=== Section Start ===

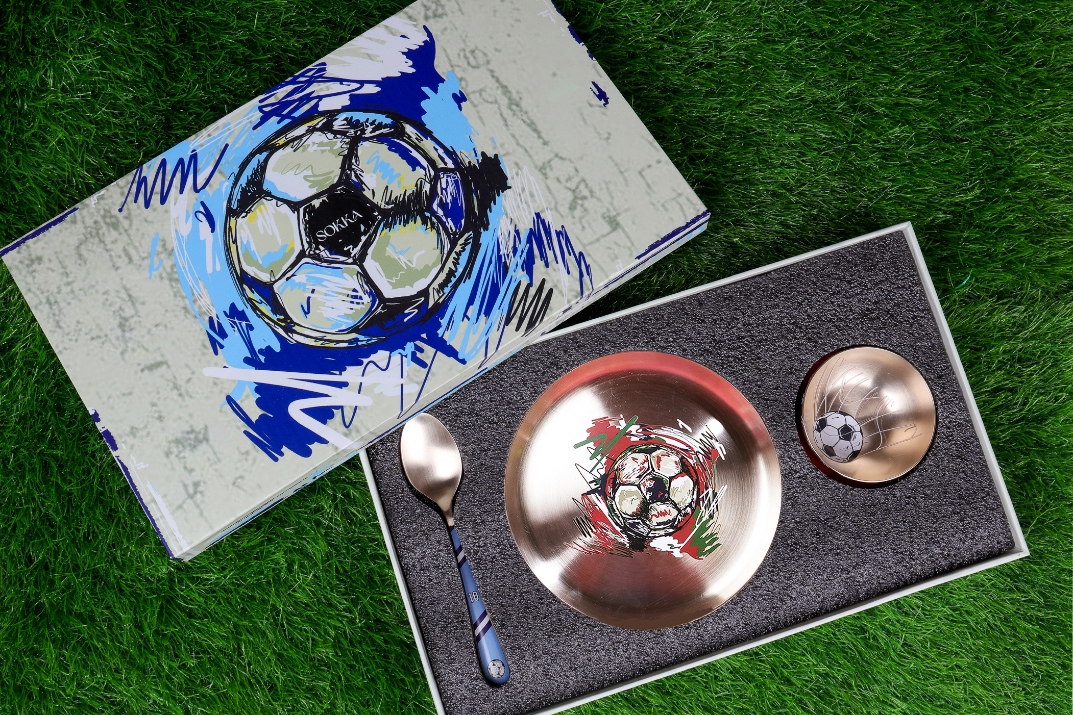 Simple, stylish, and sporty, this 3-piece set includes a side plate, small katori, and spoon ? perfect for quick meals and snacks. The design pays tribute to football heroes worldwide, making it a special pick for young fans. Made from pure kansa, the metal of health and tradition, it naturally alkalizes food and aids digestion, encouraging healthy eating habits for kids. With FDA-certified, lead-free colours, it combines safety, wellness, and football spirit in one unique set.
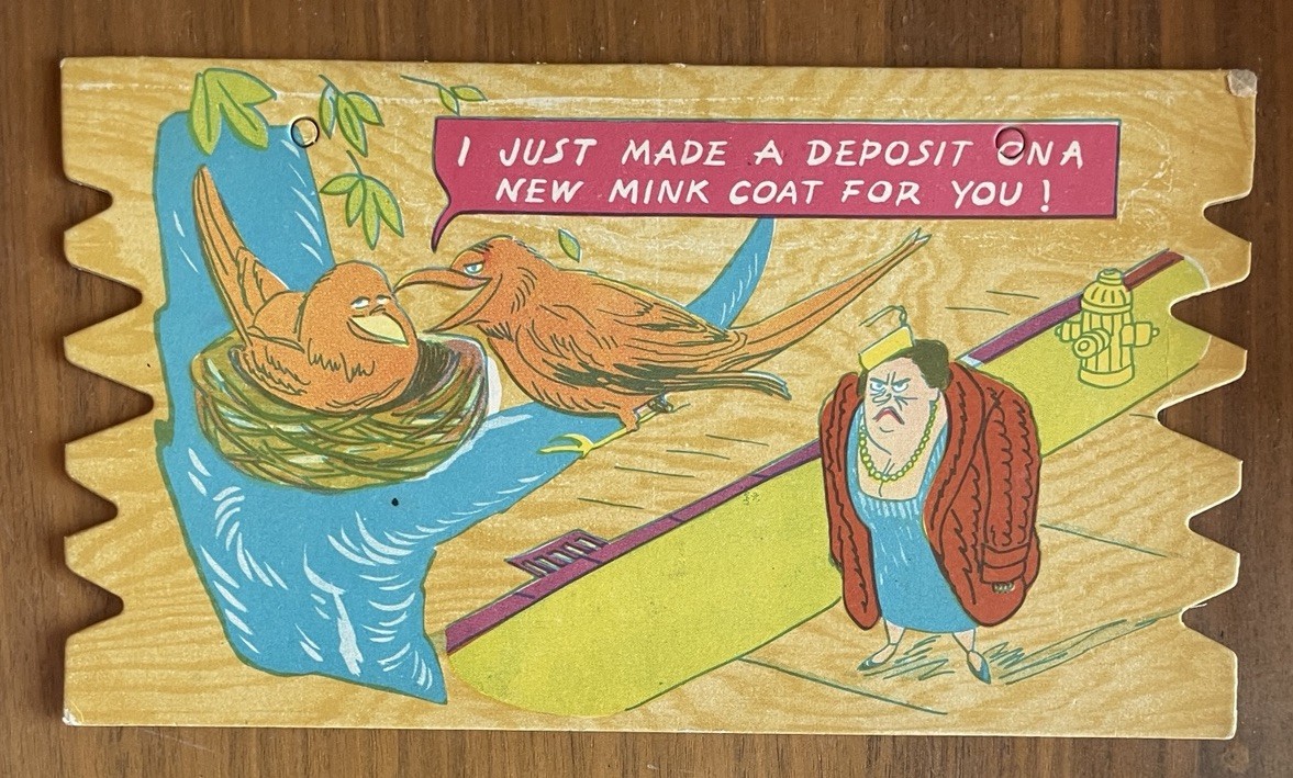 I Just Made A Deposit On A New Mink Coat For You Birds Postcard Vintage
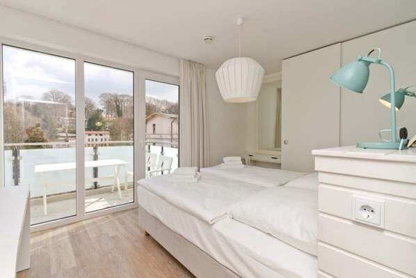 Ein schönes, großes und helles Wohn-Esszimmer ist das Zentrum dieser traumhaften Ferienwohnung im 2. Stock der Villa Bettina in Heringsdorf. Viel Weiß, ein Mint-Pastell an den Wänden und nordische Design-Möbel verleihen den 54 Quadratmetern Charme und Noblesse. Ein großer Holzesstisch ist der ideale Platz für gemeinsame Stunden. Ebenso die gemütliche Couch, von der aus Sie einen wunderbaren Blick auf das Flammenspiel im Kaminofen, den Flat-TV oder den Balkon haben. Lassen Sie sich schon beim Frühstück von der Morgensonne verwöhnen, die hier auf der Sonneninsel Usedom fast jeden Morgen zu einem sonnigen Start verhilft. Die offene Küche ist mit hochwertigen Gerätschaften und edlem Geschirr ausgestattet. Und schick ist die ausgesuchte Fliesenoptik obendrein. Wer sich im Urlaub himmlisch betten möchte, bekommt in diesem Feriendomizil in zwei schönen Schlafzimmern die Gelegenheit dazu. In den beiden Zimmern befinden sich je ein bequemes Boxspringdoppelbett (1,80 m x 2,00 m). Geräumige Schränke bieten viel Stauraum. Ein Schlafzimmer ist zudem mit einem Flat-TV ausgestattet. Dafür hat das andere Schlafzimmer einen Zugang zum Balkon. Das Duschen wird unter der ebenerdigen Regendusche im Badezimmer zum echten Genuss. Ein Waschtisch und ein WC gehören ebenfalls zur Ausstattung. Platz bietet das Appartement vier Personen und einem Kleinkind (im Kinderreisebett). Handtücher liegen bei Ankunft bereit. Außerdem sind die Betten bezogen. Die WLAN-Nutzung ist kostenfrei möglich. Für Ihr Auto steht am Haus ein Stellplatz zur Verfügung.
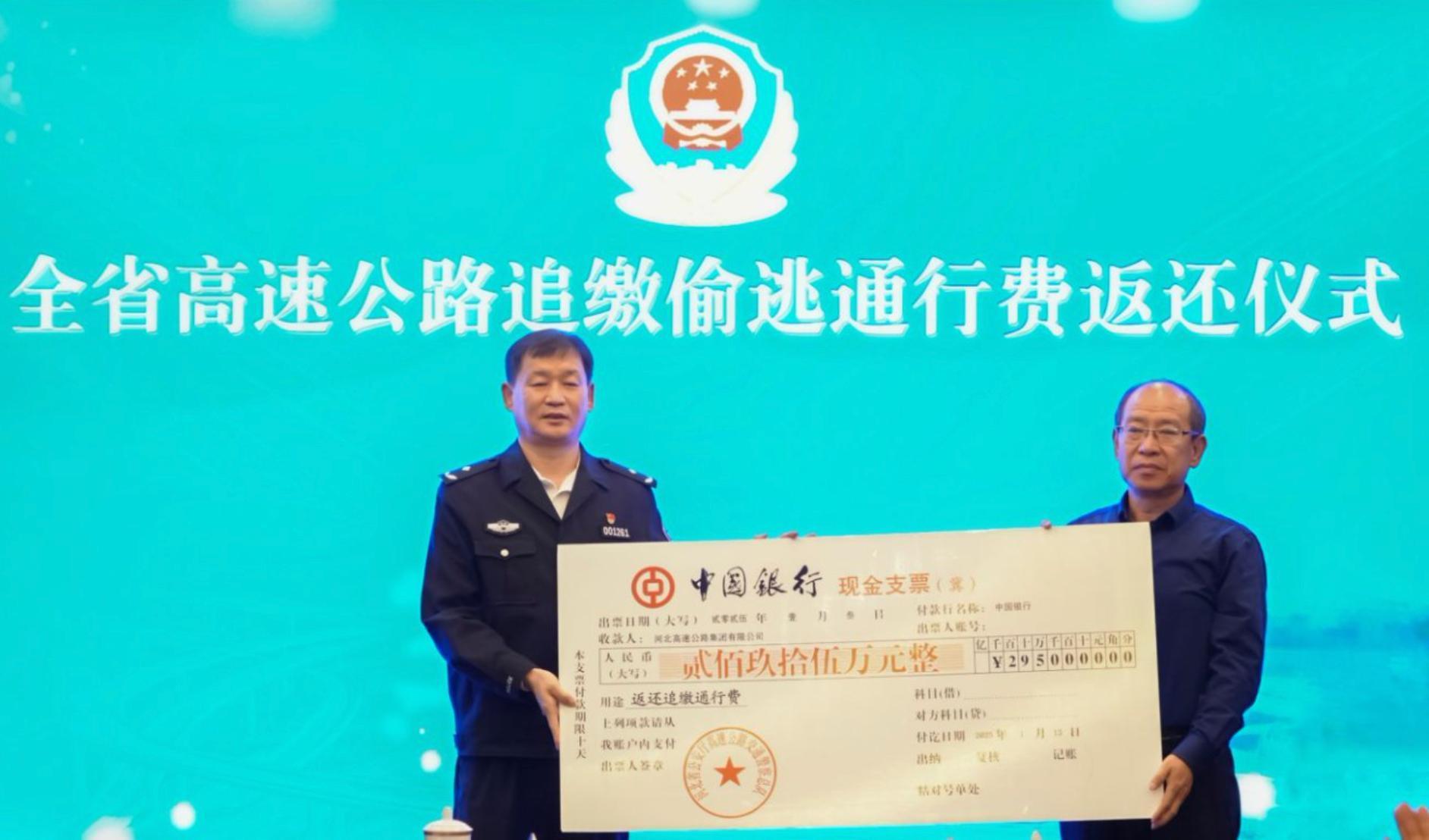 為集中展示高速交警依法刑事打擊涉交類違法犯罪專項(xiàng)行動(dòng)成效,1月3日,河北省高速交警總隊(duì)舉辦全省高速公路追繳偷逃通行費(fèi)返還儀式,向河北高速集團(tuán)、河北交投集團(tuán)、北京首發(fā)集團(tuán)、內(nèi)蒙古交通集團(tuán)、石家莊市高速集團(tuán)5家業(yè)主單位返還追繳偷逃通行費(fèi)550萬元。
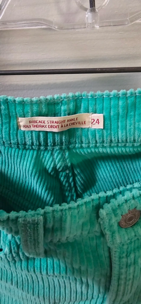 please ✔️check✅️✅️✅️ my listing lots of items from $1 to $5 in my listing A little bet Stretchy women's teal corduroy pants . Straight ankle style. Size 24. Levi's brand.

=== Section End ===

Copy the listing exactly. No images belong in the copy.

Written response:
 Simple, stylish, and sporty, this 3-piece set includes a side plate, small katori, and spoon ? perfect for quick meals and snacks. The design pays tribute to football heroes worldwide, making it a special pick for young fans. Made from pure kansa, the metal of health and tradition, it naturally alkalizes food and aids digestion, encouraging healthy eating habits for kids. With FDA-certified, lead-free colours, it combines safety, wellness, and football spirit in one unique set.
 I Just Made A Deposit On A New Mink Coat For You Birds Postcard Vintage
 Ein schönes, großes und helles Wohn-Esszimmer ist das Zentrum dieser traumhaften Ferienwohnung im 2. Stock der Villa Bettina in Heringsdorf. Viel Weiß, ein Mint-Pastell an den Wänden und nordische Design-Möbel verleihen den 54 Quadratmetern Charme und Noblesse. Ein großer Holzesstisch ist der ideale Platz für gemeinsame Stunden. Ebenso die gemütliche Couch, von der aus Sie einen wunderbaren Blick auf das Flammenspiel im Kaminofen, den Flat-TV oder den Balkon haben. Lassen Sie sich schon beim Frühstück von der Morgensonne verwöhnen, die hier auf der Sonneninsel Usedom fast jeden Morgen zu einem sonnigen Start verhilft. Die offene Küche ist mit hochwertigen Gerätschaften und edlem Geschirr ausgestattet. Und schick ist die ausgesuchte Fliesenoptik obendrein. Wer sich im Urlaub himmlisch betten möchte, bekommt in diesem Feriendomizil in zwei schönen Schlafzimmern die Gelegenheit dazu. In den beiden Zimmern befinden sich je ein bequemes Boxspringdoppelbett (1,80 m x 2,00 m). Geräumige Schränke bieten viel Stauraum. Ein Schlafzimmer ist zudem mit einem Flat-TV ausgestattet. Dafür hat das andere Schlafzimmer einen Zugang zum Balkon. Das Duschen wird unter der ebenerdigen Regendusche im Badezimmer zum echten Genuss. Ein Waschtisch und ein WC gehören ebenfalls zur Ausstattung. Platz bietet das Appartement vier Personen und einem Kleinkind (im Kinderreisebett). Handtücher liegen bei Ankunft bereit. Außerdem sind die Betten bezogen. Die WLAN-Nutzung ist kostenfrei möglich. Für Ihr Auto steht am Haus ein Stellplatz zur Verfügung.
 為集中展示高速交警依法刑事打擊涉交類違法犯罪專項(xiàng)行動(dòng)成效,1月3日,河北省高速交警總隊(duì)舉辦全省高速公路追繳偷逃通行費(fèi)返還儀式,向河北高速集團(tuán)、河北交投集團(tuán)、北京首發(fā)集團(tuán)、內(nèi)蒙古交通集團(tuán)、石家莊市高速集團(tuán)5家業(yè)主單位返還追繳偷逃通行費(fèi)550萬元。
 please ✔️check✅️✅️✅️ my listing lots of items from $1 to $5 in my listing A little bet Stretchy women's teal corduroy pants . Straight ankle style. Size 24. Levi's brand.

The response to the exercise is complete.